■ **AIM OF THE EXERCISE**: Would you copy, word for word, each line from the one with "Tapetai Vandens lelijos" to the end of the listing below, skipping all pictures?

*** RECORDS SHOWN ***

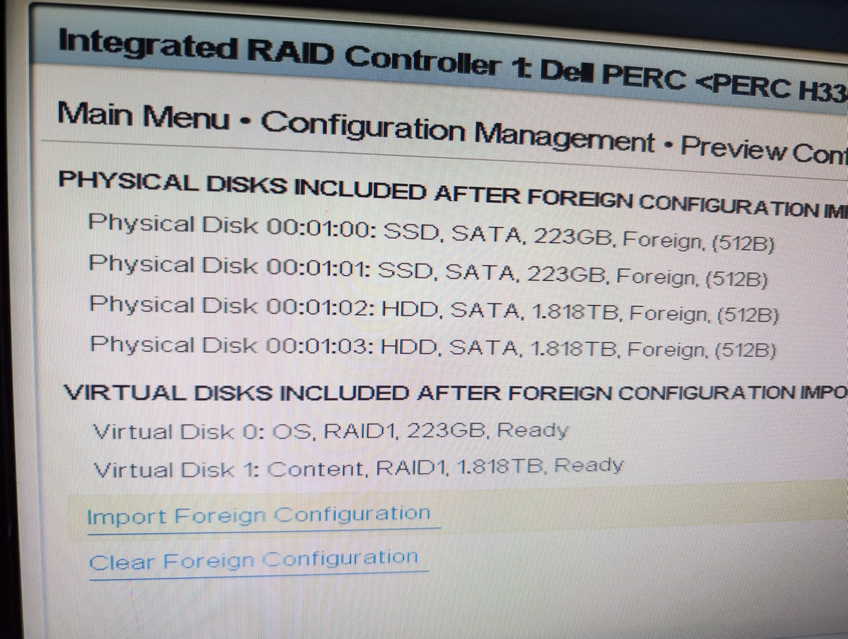 - In this case, the RAID card appears to have "forgotten" its RAID configuration as stored on the RAID controller card. However, the RAID configuration is still present. Note the screen called "Foreign View" shown in the above screen shot. The RAID controller recognizes that disks that had previously been used in a RAID are attached and are displayed there. Navigate to the Foreign View screen by using Ctrl+N.
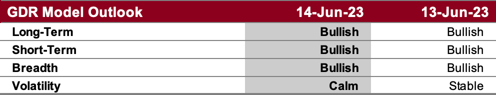 The GDR Model is now bullish following the recent breakout from consolidation.
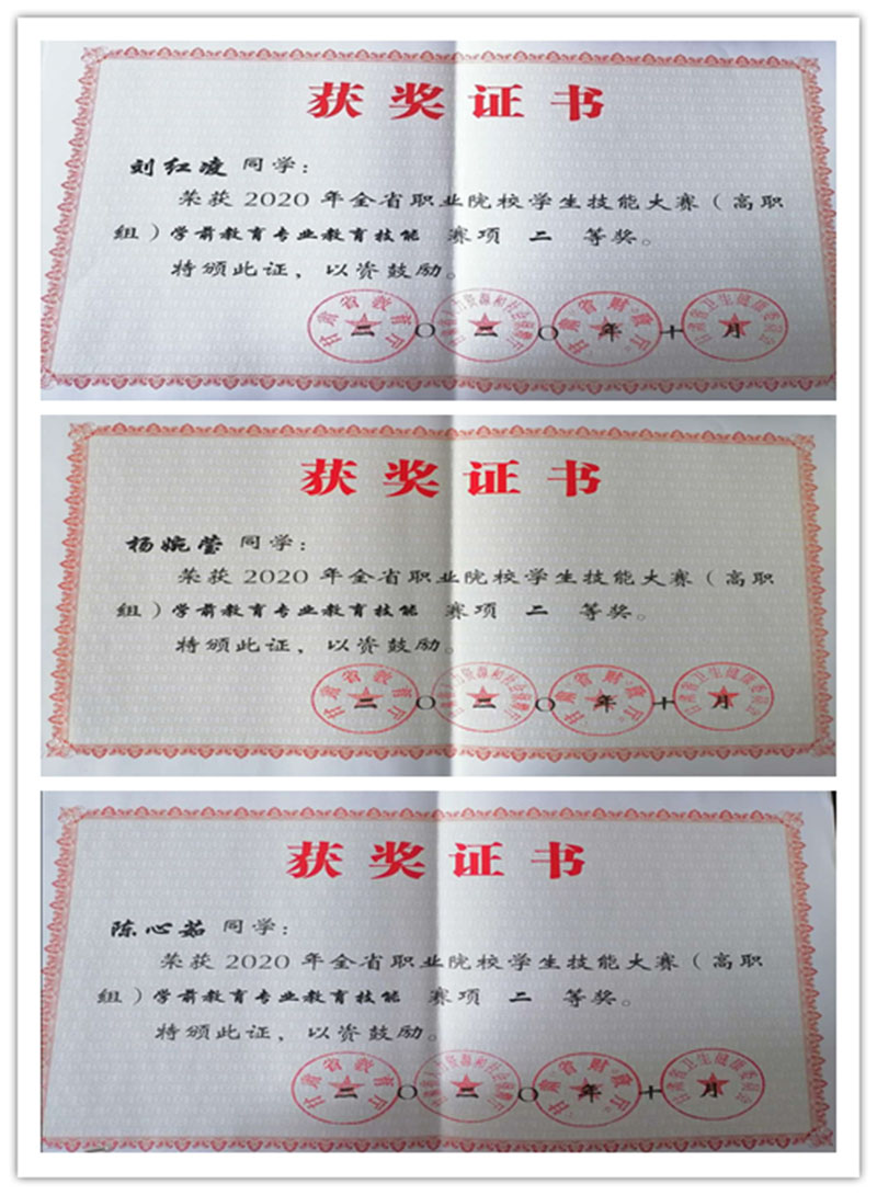 2020年10月在蘭州資源環(huán)境職業(yè)技術(shù)學(xué)院舉辦的2020年全省職業(yè)院校學(xué)生技能大賽(高職組)中,人文藝術(shù)教育系參賽的三組同學(xué)憑借深厚的理論基礎(chǔ)和嫻熟的技能操作,在強(qiáng)手如林的選手中脫穎而出,獲得大賽二等獎1項(xiàng),三等獎2項(xiàng)。
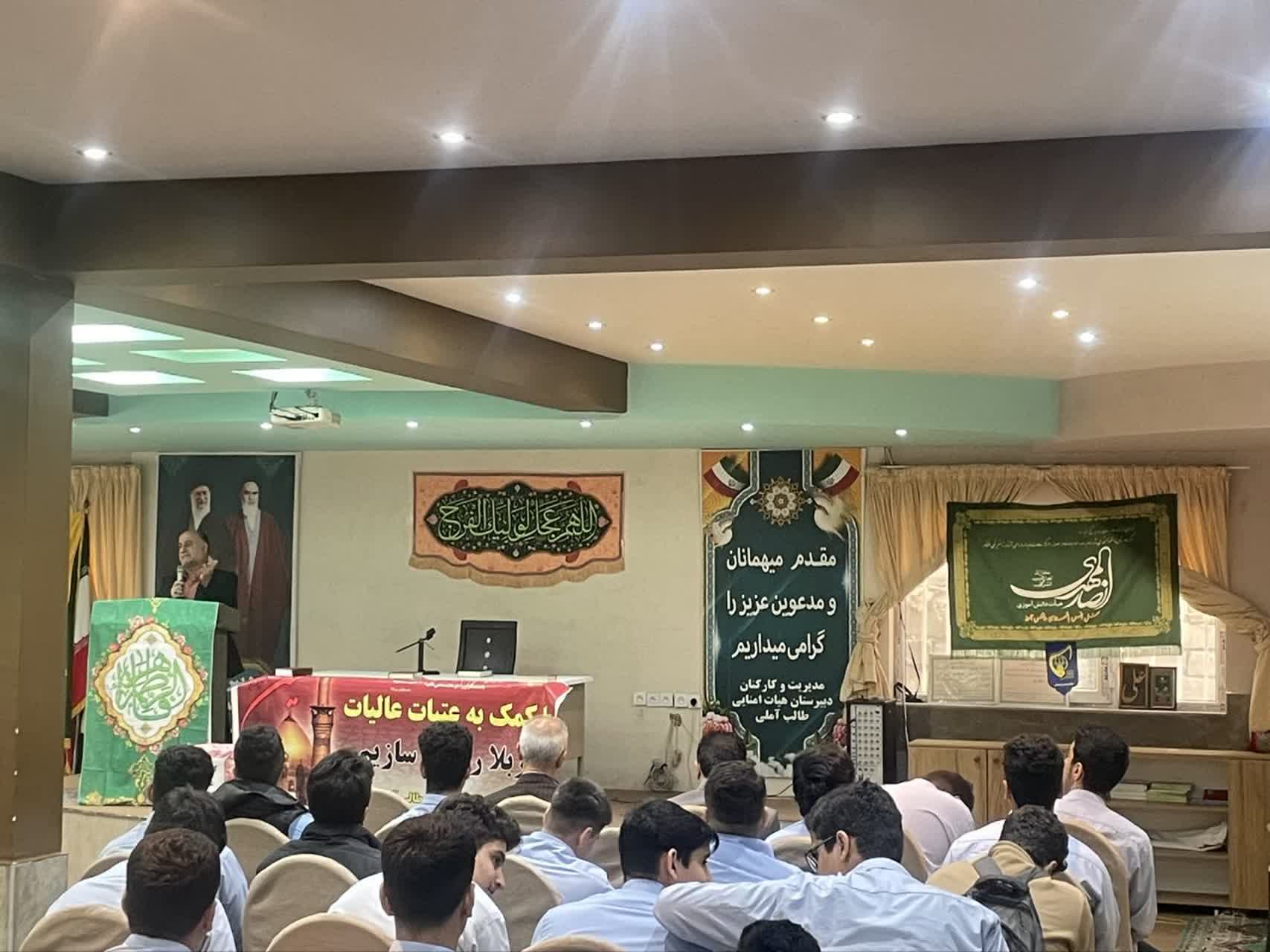 مراسم کمک به عتبات وعالیات در دبیرستان هیات امنایی طالب املی با حضور جناب اقای سرهنگ پاسدار اعتمادنیا ، جناب اقای حسن زاده و کارشناس امورتربیتی جناب اقای مهدوی ، دانش اموزان وهمکاران برگزا گردید
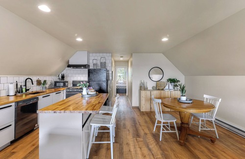 The kitchen is fully equipped with everything you need to make any meal. We also provide an assortment of coffee, tea, creamer with compliments of sugar and honey sticks. The island and dining table both seat 2, with a nearby cupboard for storing food and items as needed.
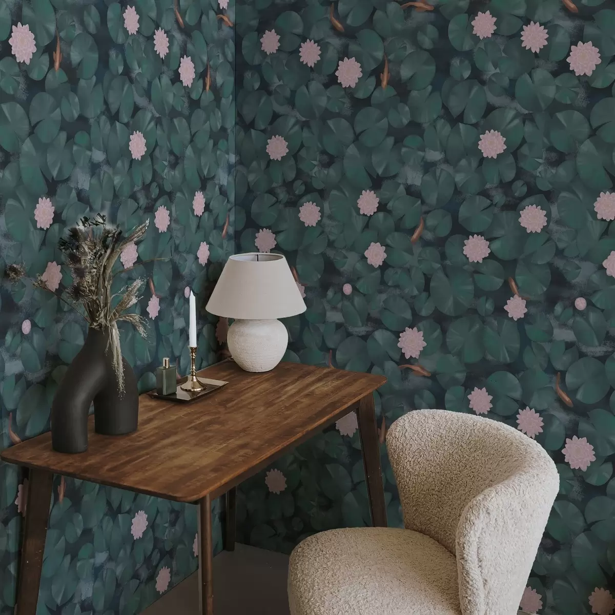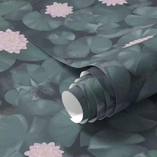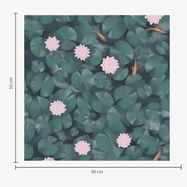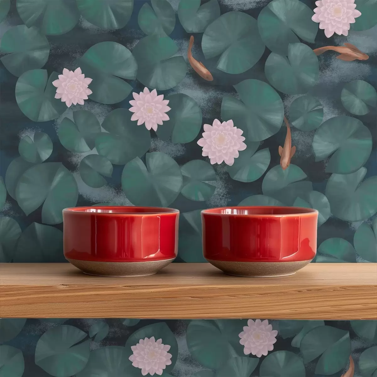 Tapetai Vandens lelijos su žiedais ir žuvimis ant tamsaus fono Nr. a01177
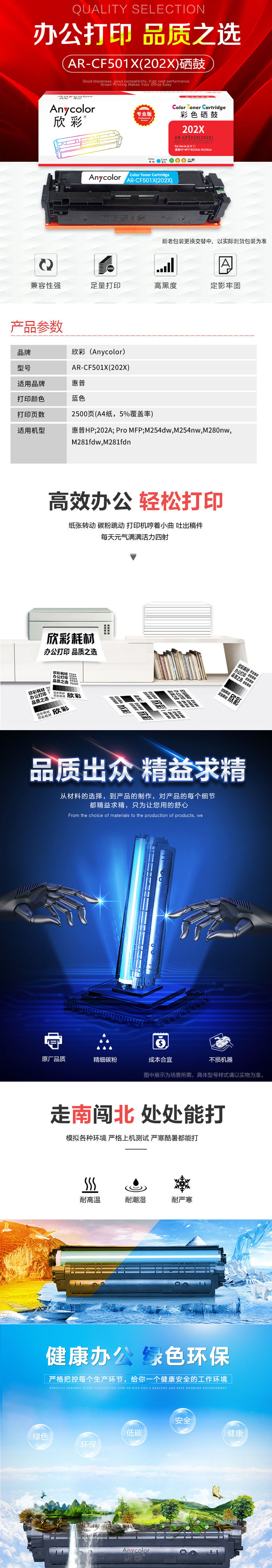 欣彩AR-CF501X(202X)硒鼓蓝色大容量专业版 适用惠普CF501A/X M254dn M280nw M281fdn 单位:支 起订量1支 蓝色
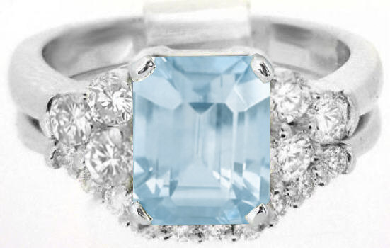 Special Features: Streamlined elegance at its finest. Featuring a beautiful 9x7mm emerald cut aquamarine which is flanked by six fine quality round diamonds, this engagement ring is eye catching in its simplicity. The aquamarine has a lovely sky blue cut and it is eye clean. The long rectangular facets are elegant and put the focal point on the wonderful color of the gem. Each diamond in the ring is over 8 points each totaling just over 1/2 carat in the engagement ring. The six diamonds are very sparkly but since the design of the ring is understated, the brilliance is much more tasteful than it is gaudy or overpowering. The 14k white gold setting is strong and durable as you can see by the gram weight and the substantial prongs used to securely hold the gems. This assures a lifetime of worry-free wear and enjoyment.

*** End of RECORDS SHOWN ***

■ **ANSWER FOR THIS EXERCISE**:
 Tapetai Vandens lelijos su žiedais ir žuvimis ant tamsaus fono Nr. a01177
 欣彩AR-CF501X(202X)硒鼓蓝色大容量专业版 适用惠普CF501A/X M254dn M280nw M281fdn 单位:支 起订量1支 蓝色
 Special Features: Streamlined elegance at its finest. Featuring a beautiful 9x7mm emerald cut aquamarine which is flanked by six fine quality round diamonds, this engagement ring is eye catching in its simplicity. The aquamarine has a lovely sky blue cut and it is eye clean. The long rectangular facets are elegant and put the focal point on the wonderful color of the gem. Each diamond in the ring is over 8 points each totaling just over 1/2 carat in the engagement ring. The six diamonds are very sparkly but since the design of the ring is understated, the brilliance is much more tasteful than it is gaudy or overpowering. The 14k white gold setting is strong and durable as you can see by the gram weight and the substantial prongs used to securely hold the gems. This assures a lifetime of worry-free wear and enjoyment.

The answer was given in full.